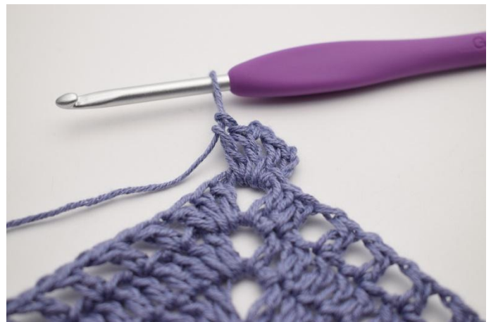
2. Lag 3 lm (som erstatter 1.stv). Hekle 1 stv, 2 lm, og 2 stv i lm-mellomrommet.
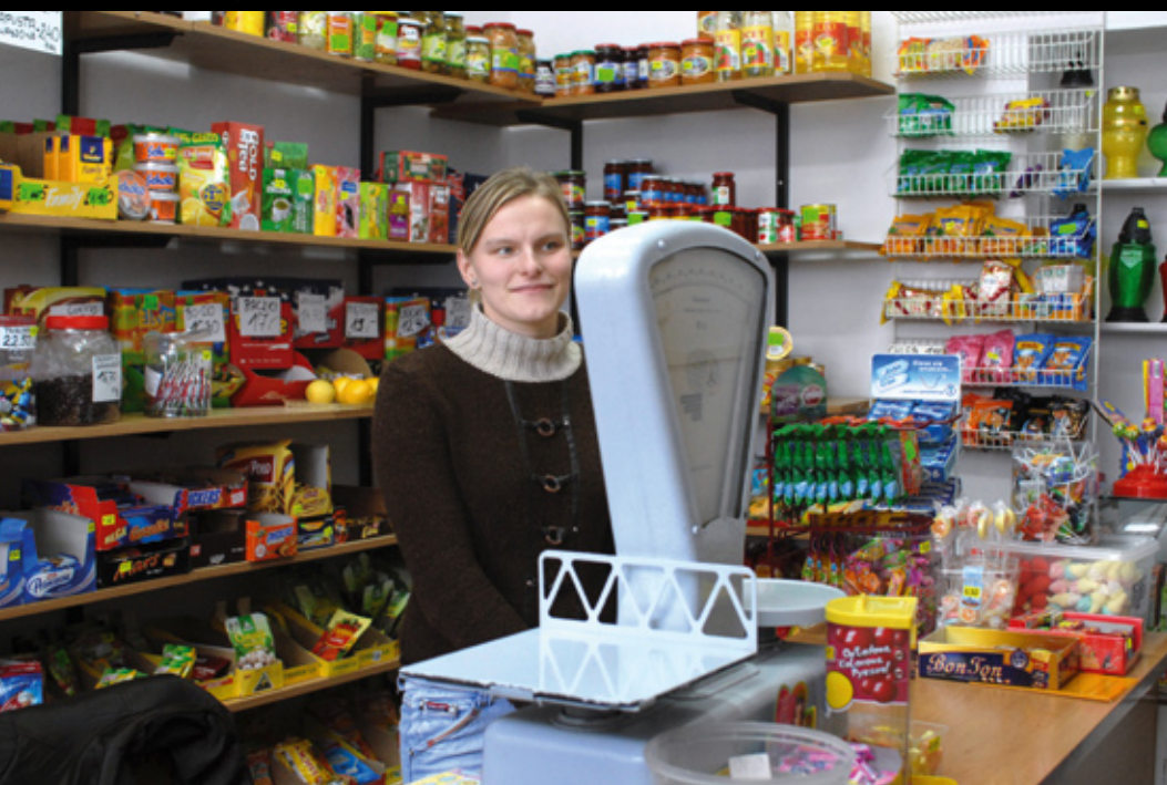
Sklepik spożywczy w szkole

Dodatkowo szkoły prowadzone przez stowarzyszenia nauczycielskie z pomocą rodziców na terenach wiejskich, szczególnie w dawnych PGR, pełnią funkcje nie tylko edukacyjne, ale także kulturalne.
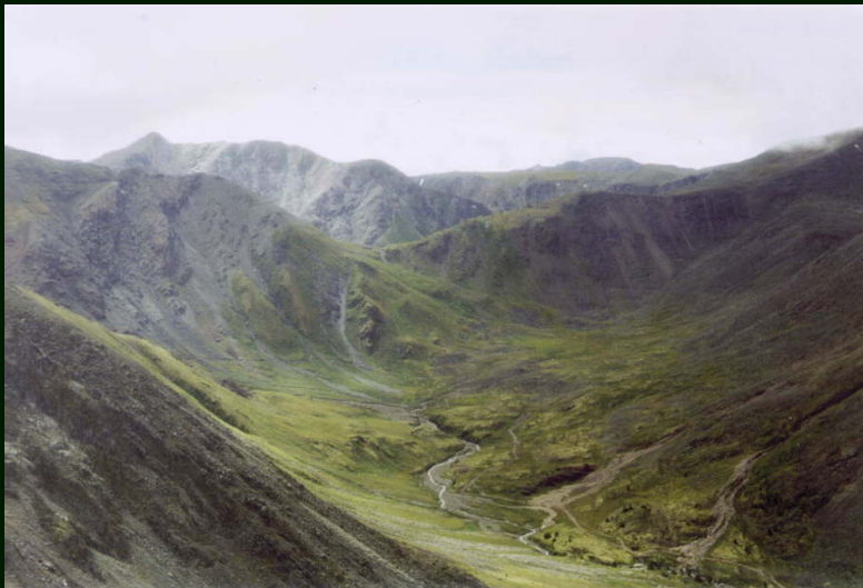
00-5-13 Перевал Онотский 1А с перевала Зун-Тарбаган 1Б
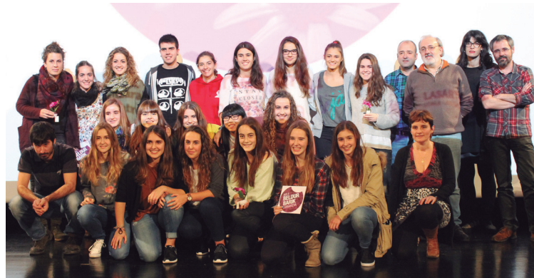
Lasarte-Oriako Beldur Barik lehiaketako saridunen familia-argazkia.

Altxa emakumea, hautsi aurre kateak’ lana izan da 12 eta 17 urte bitarteko mailan lehenengo saria eskuratu duen obra eta ‘(Hel)mugak’ berriz, 18-30 urte bitartekoetan gailendu dena.
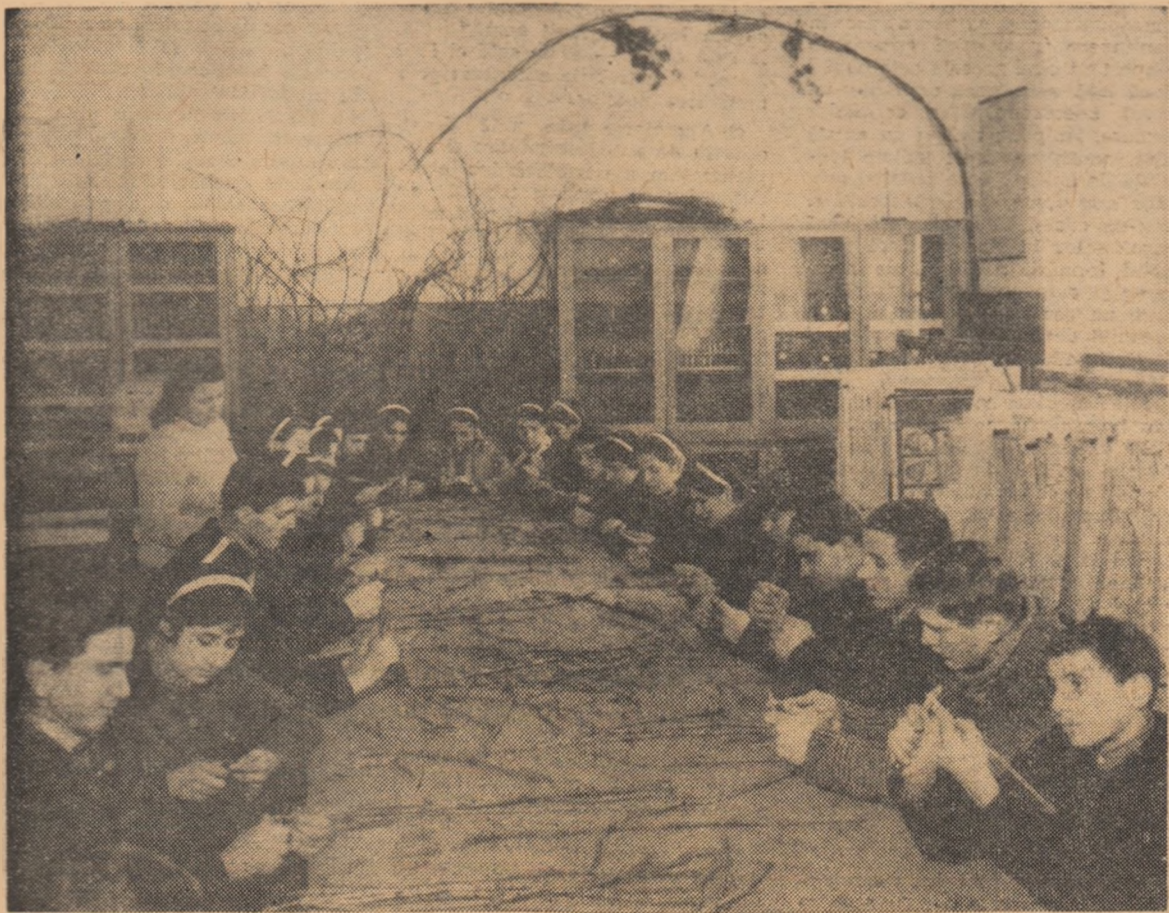
Lecție practică de altoire a viței de vie la centrul școlar agricol din Brăila.
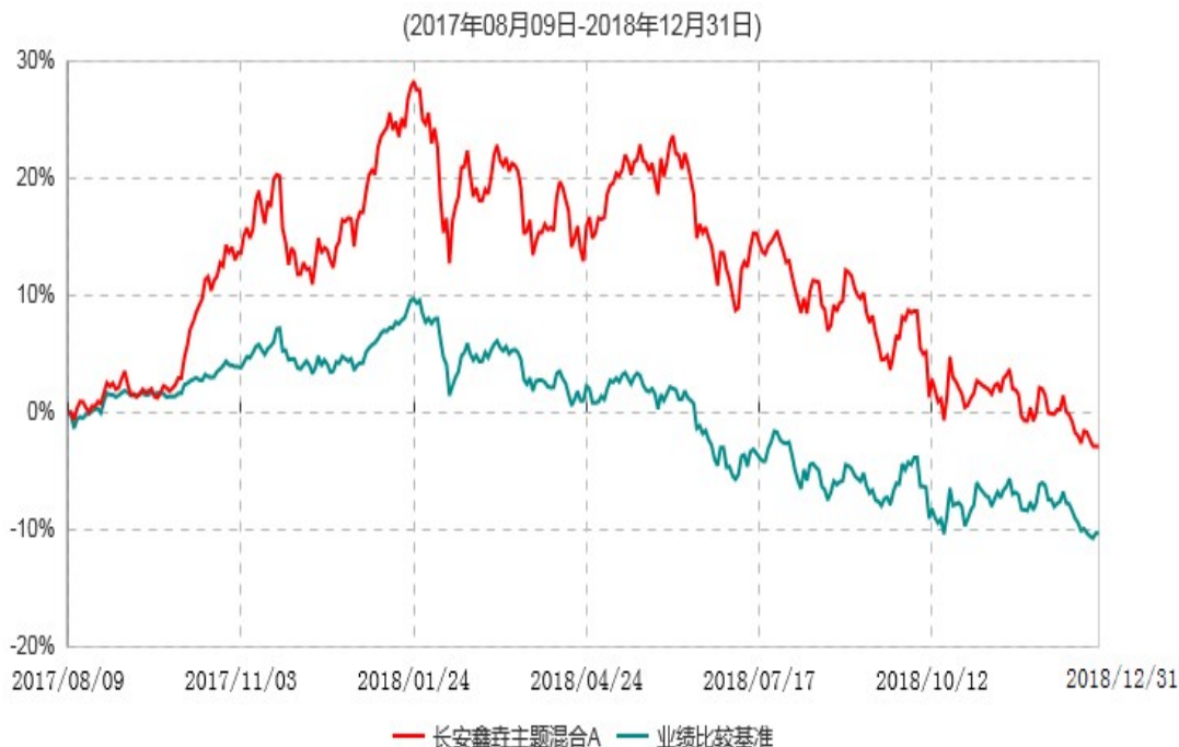
长安鑫鑫主题混合A累计净值增长率与业绩比较基准收益率历史走势对比图

根据基金合同的规定,自基金合同生效之日起6个月内基金各项资产配置比例需符合基金合同要求。本基金在建仓期结束后,各项资产配置比例已符合基金合同有关投资比例的约定。基金合同生效日至报告期末,本基金运作时间已满一年。图示日期为2017年8月9日至2018年12月31日。
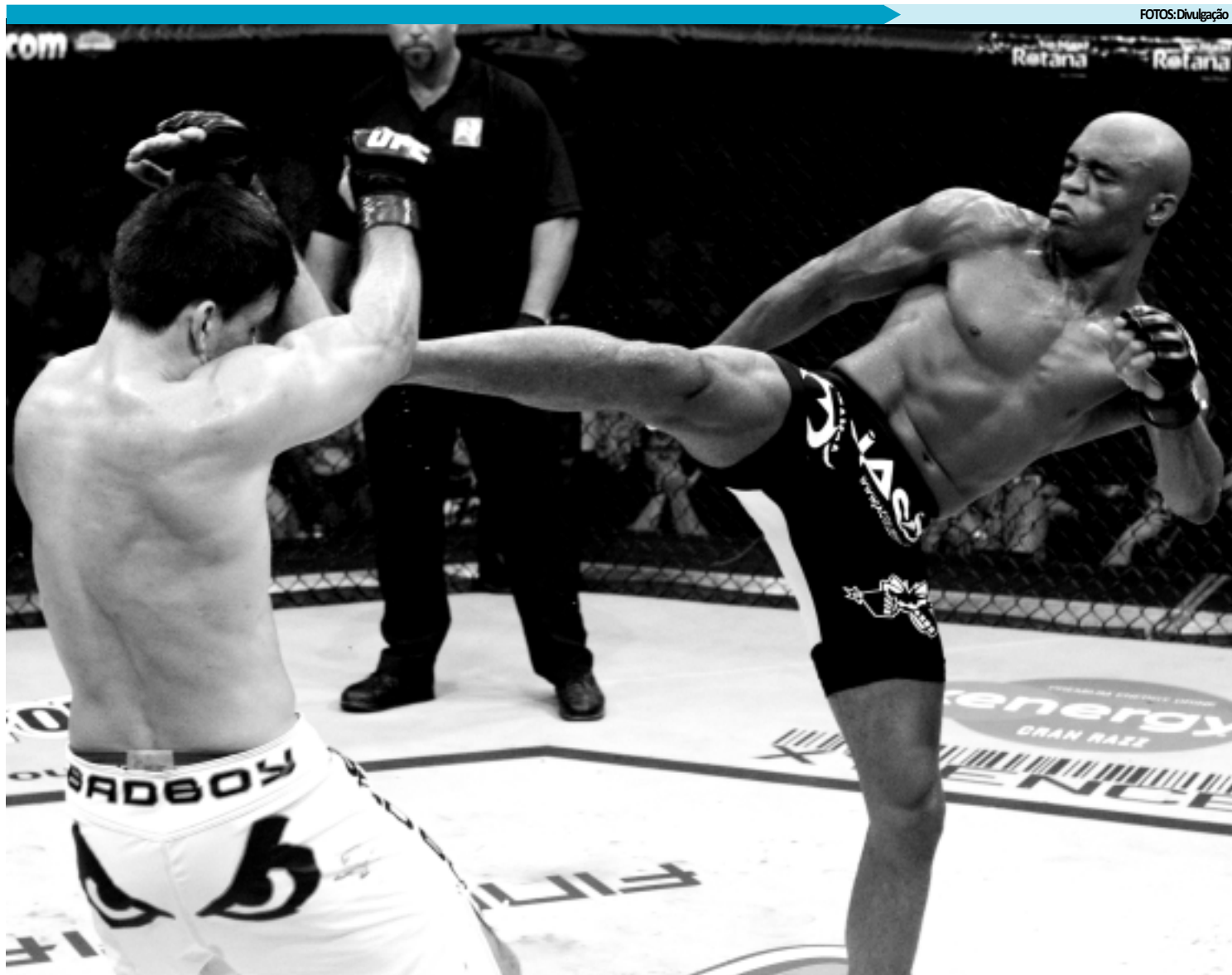
Aguardada com grande expectativa, a luta entre Anderson Silva e Yushin Okami será a principal da noite; o "Spider Silva" é o maior ídolo do MMA no Brasil

O campeão dos médios do UFC apareceu vestido com roupas do Corinthians e
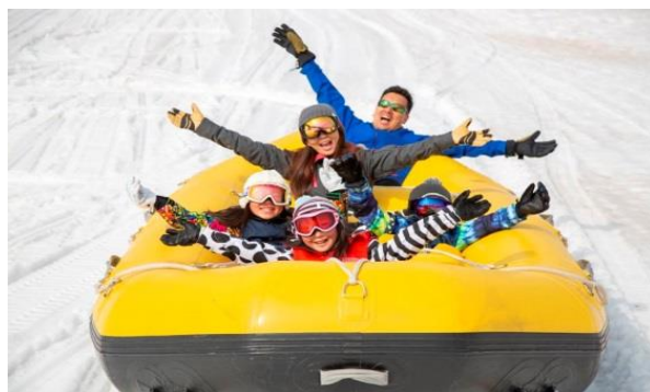
スノーラフティング
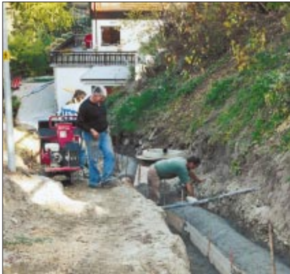
Travaux à la route du Désertet
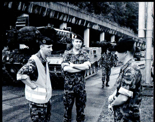
Lorsque les engins sont prêts, ils peuvent être conduits par signe sur la rampe.
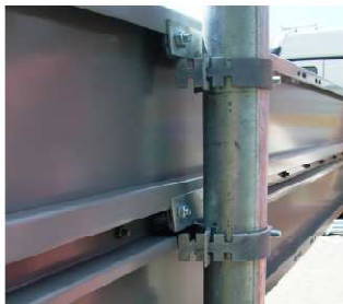
fot. 3 Uchwyt typu „zacisk” zamocowany do tablicy – widok od strony zębka
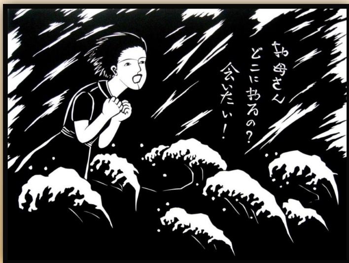
岩井梅子（中国帰国者）作 切り絵 「お母さん、会いたい！」
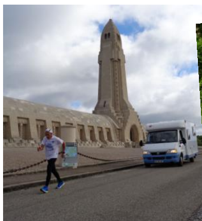
devant l'ossuaire de Douaumont
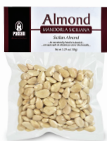
PRA11622 西西里生杏仁果(去皮) Sicilian Almond Raw Peeled 規格 150g*24包
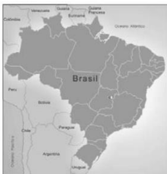
Mapa 1 – Fronteiras do Brasil

retrato, figura, imagem, entre outros), seguida de seu número de ordem de ocorrência no texto, em algarismos arábicos, de travessão e do respectivo título. Imediatamente após a ilustração, deve-se indicar a fonte consultada (elemento obrigatório, mesmo que seja produção do próprio autor) conforme a ABNT NBR 10520, legenda, notas e outras informações necessárias à sua compreensão (se houver). A ilustração deve ser citada no texto e inserida o mais próxima possível do trecho a que se refere. Tipo, número de ordem, título, fonte, legenda e notas devem acompanhar as margens da ilustração.
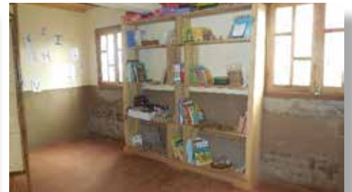
Les réalisations en 2021
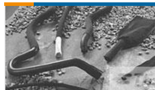
TE 产品编号CH07516001 HFT5000-34/17-0-540MM
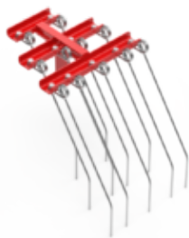
Élément herse étrille, disponible en différentes largeurs
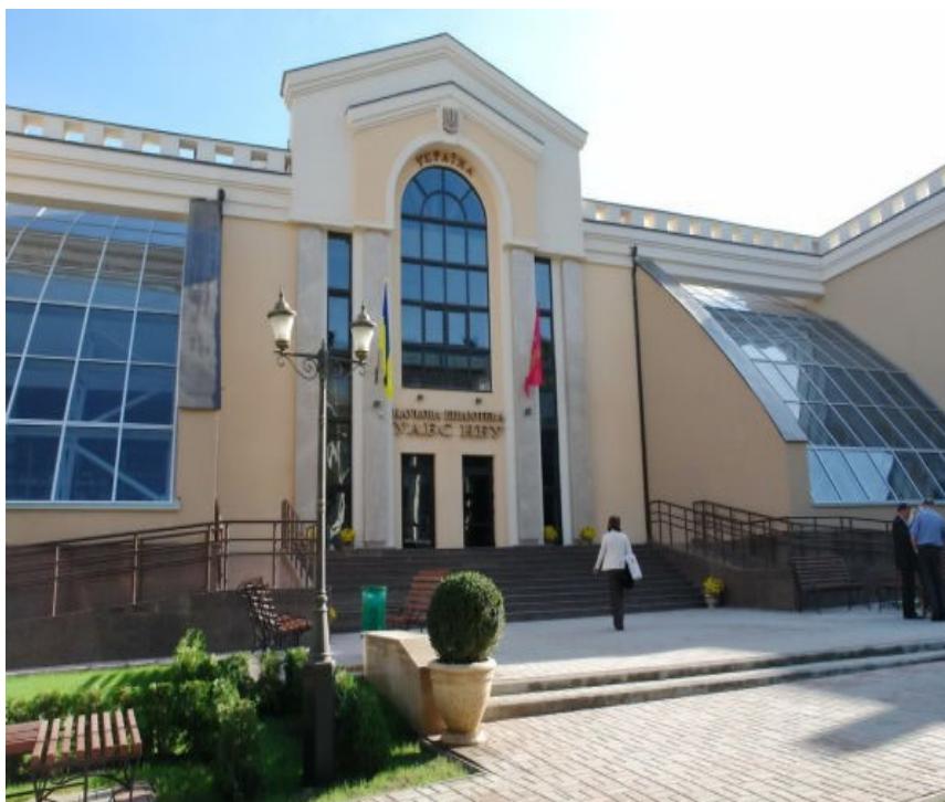
Il. 1. Biblioteka Naukowa Ukraińskiej Akademii Bankowości Narodowego Banku Ukrainy

______________________________

• [ASSIGNMENT]:
From the records above, pull out each line that has "Brasil".

• [ANSWER BELOW]:
Aguardada com grande expectativa, a luta entre Anderson Silva e Yushin Okami será a principal da noite; o "Spider Silva" é o maior ídolo do MMA no Brasil
Mapa 1 – Fronteiras do Brasil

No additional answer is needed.